Information supplied

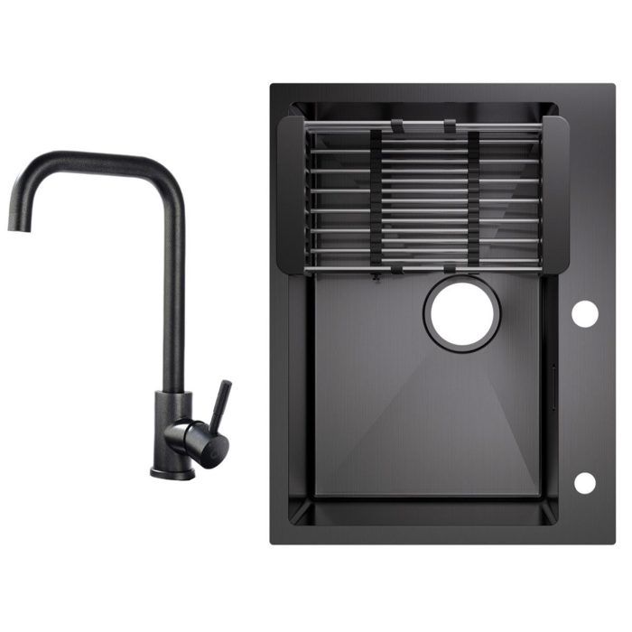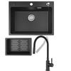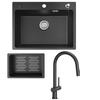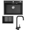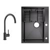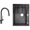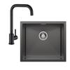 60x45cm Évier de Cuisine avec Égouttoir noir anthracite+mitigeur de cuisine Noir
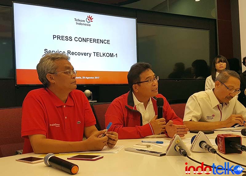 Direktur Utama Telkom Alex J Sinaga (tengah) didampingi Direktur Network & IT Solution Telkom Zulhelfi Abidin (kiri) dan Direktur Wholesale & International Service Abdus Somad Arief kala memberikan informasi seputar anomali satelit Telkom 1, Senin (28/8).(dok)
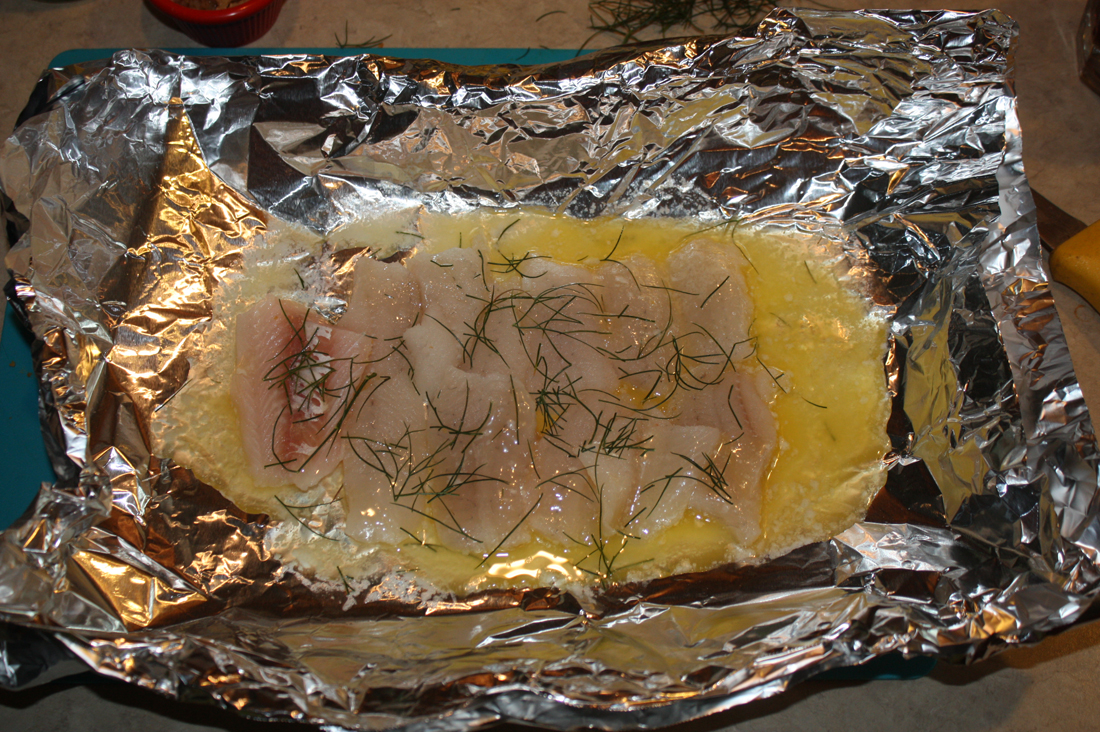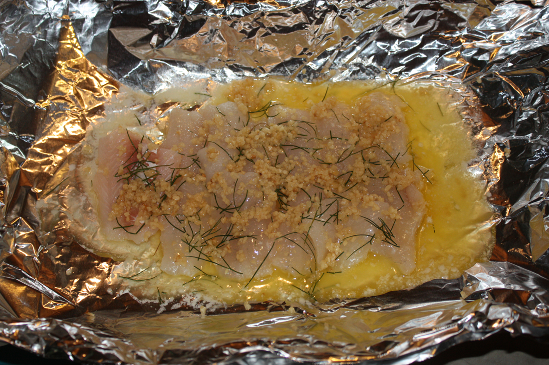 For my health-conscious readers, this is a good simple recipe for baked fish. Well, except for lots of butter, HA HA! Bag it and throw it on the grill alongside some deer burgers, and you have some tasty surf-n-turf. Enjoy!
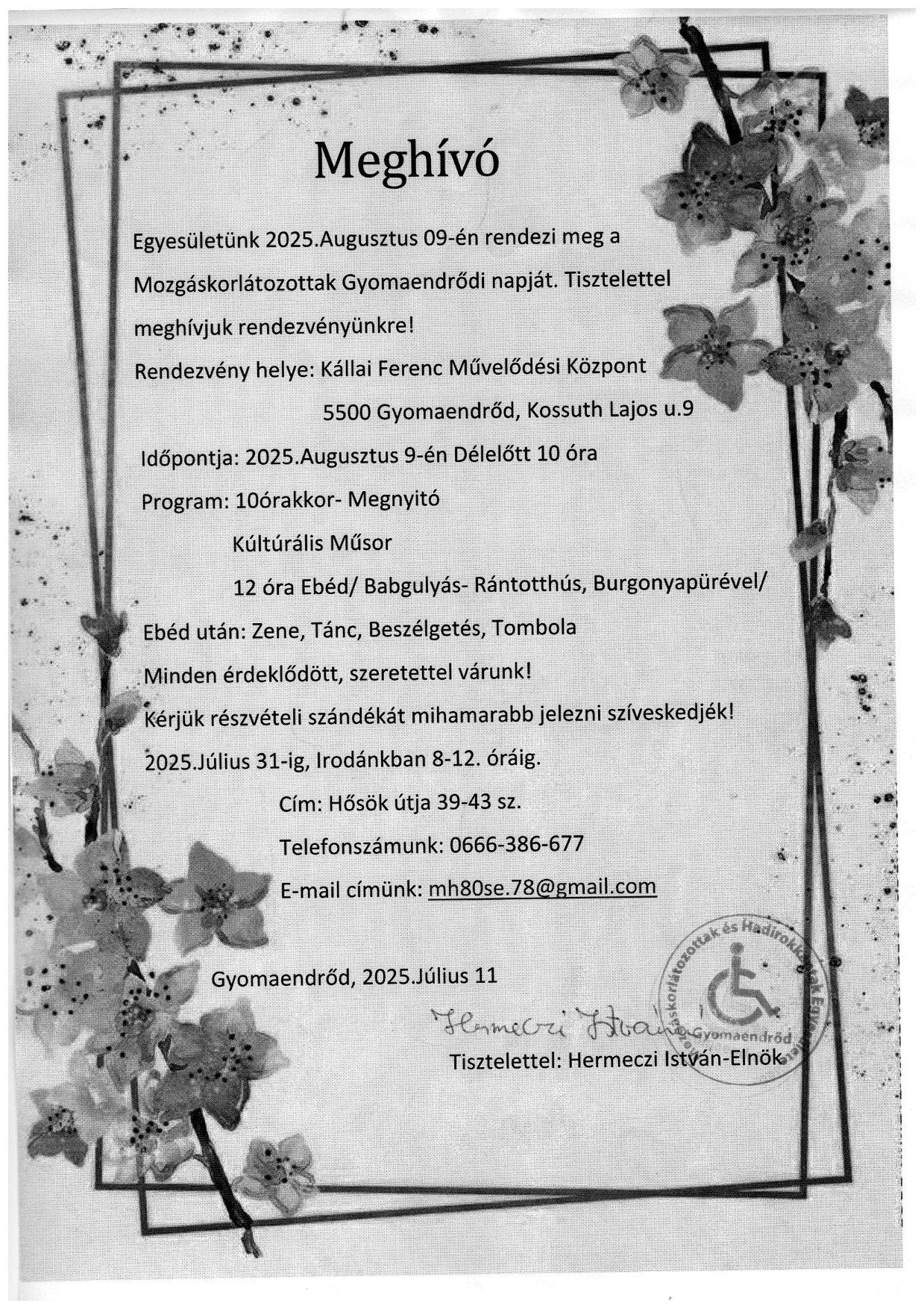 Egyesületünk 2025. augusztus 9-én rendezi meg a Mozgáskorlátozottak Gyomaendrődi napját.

Your task
Leaving out the images, repeat the listing above exactly.

Solved exercise
 60x45cm Évier de Cuisine avec Égouttoir noir anthracite+mitigeur de cuisine Noir
 Direktur Utama Telkom Alex J Sinaga (tengah) didampingi Direktur Network & IT Solution Telkom Zulhelfi Abidin (kiri) dan Direktur Wholesale & International Service Abdus Somad Arief kala memberikan informasi seputar anomali satelit Telkom 1, Senin (28/8).(dok)
 For my health-conscious readers, this is a good simple recipe for baked fish. Well, except for lots of butter, HA HA! Bag it and throw it on the grill alongside some deer burgers, and you have some tasty surf-n-turf. Enjoy!
 Egyesületünk 2025. augusztus 9-én rendezi meg a Mozgáskorlátozottak Gyomaendrődi napját.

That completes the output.